If you need to loan a larger sum
As previously mentioned, mortgages and car loans tend to fall into the category of instalment loans, and the amounts loaned for this type of credit tends to be high.
How do repayments for instalment loans work?
If you decide to make an application for an instalment loan and it has been accepted by a provider, you will arrange with the lender a date that repayments are then collected on each month (or weekly, depending on the plan that you have arranged). For many, they will choose to decide to schedule the date on the day they receive their wages from work, as this is when they will be able to afford to pay the loan.
After the initial repayment, subsequent payments are then taken automatically on this date from your account. Depending on the company, you may need to organise setting up a direct debit in order to facilitate this. However, this does depend on the loan provider.

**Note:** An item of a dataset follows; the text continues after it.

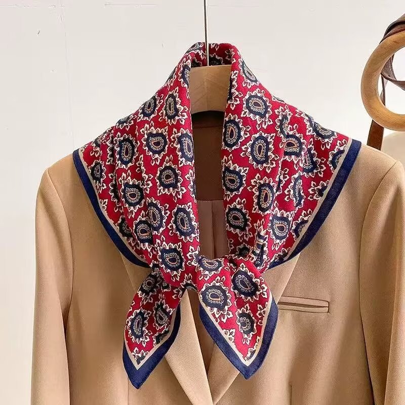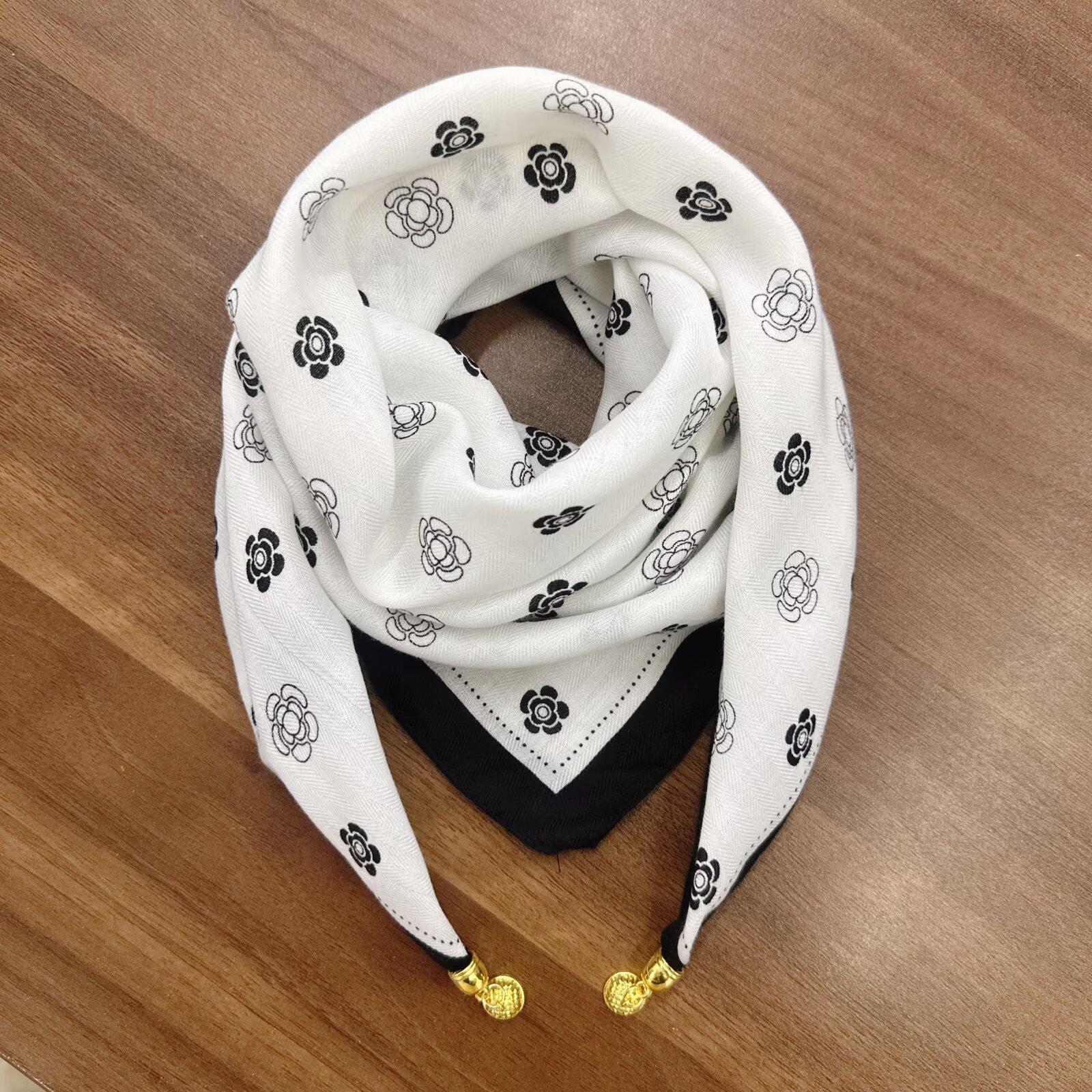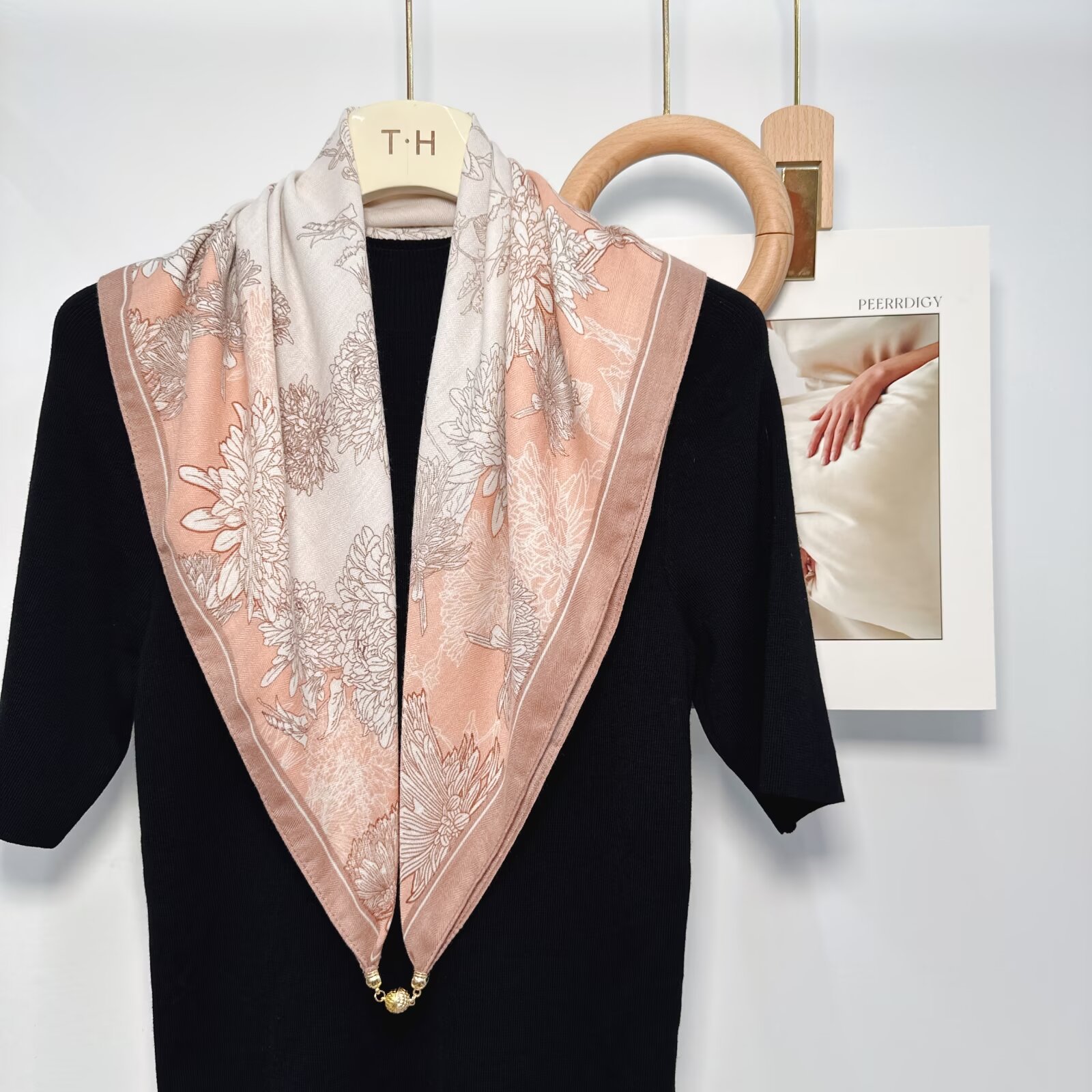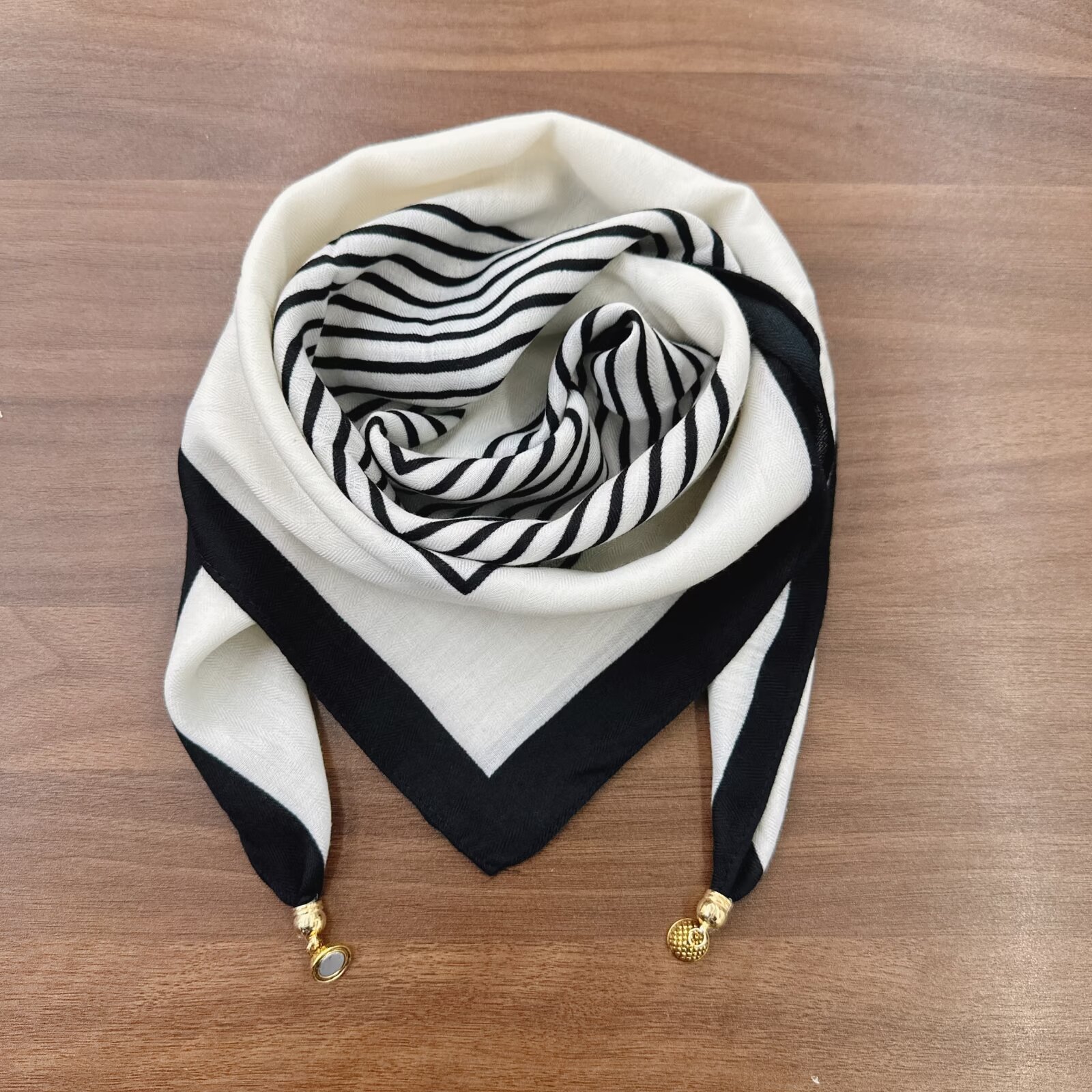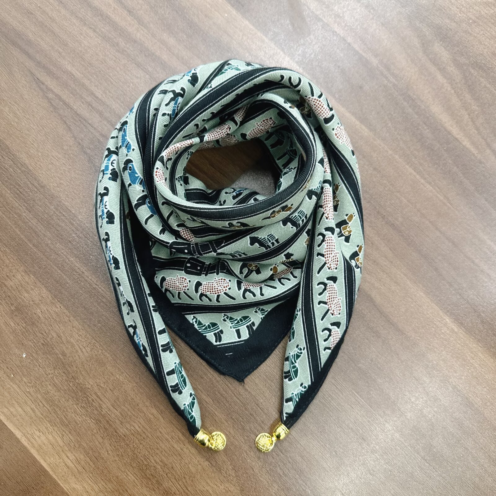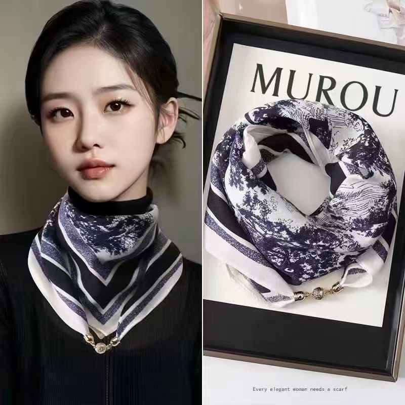 새로운 하이 엔드 헤링본 인쇄 마그네틱 버클 실크 스카프 기질 봄과 여름 외국 스타일 올 매치 여성의 작은 스퀘어 스카프

Most lenders we feature on all the lenders also offer a facility to repay your loan early, which can save you money or give a rebate of interest since your loan is open for less time.
What sort of interest rates are charged for instalment loans?
For most types of instalment loans, the repayments will usually incur a daily interest rate which in the payday industry is capped at 0.8% per day. The interest rate that you end up paying may depend upon a number of factors.
Lenders may take into account your income, whether or not your credit score is good or bad, as well as the amount you are intending to borrow in order to decide what the interest rate should be for the instalment loan you are taking out.
This means that the quicker that you pay back the loan, the less you will end up owing in total. So if it is possible, you should try to pay back the instalment loan as soon as you possibly can to cut down on repayment costs. However, it is important to reiterate that you need to be wise about your budget – pressuring yourself to make larger repayments at a much faster rate than you can physically achieve is only going to cause you more stress in the long run. Keep to a realistic repayment plan.
Things you should consider before getting an instalment loan
If you have decided that getting an instalment loan is the right decision for you, there are a number of different steps it is recommend you take before making an agreement with a lender.
First and foremost, research as much as possible before settling with a lender. You want to make sure you are not paying over the odds when it comes to interest rates and to get the very best deal you possibly can – that is why all the lenders is dedicated to price comparison of short term loans.
In addition, another thing you should make your top priority when it comes to instalment loans is checking if the company is registered with the Financial Conduct Authority (FCA).
To check if a lender is authorised or not is incredibly simple to do, by simply checking online on the FCA website and looking at their register. The site will also show any unauthorised lenders who have been reported for misconduct. Taking this step can save you a lot of hassle (and potentially, money too) in the long run, so don’t forget to do this.
If you remain unsure as to whether getting an instalment loan is right for you, it is definitely worth considering seeking free, impartial advice to discuss your options. You can contact by phone or email Citizens Advice Bureau, or the Money Advice Service, both of whom can help talk through your financial circumstances confidentially.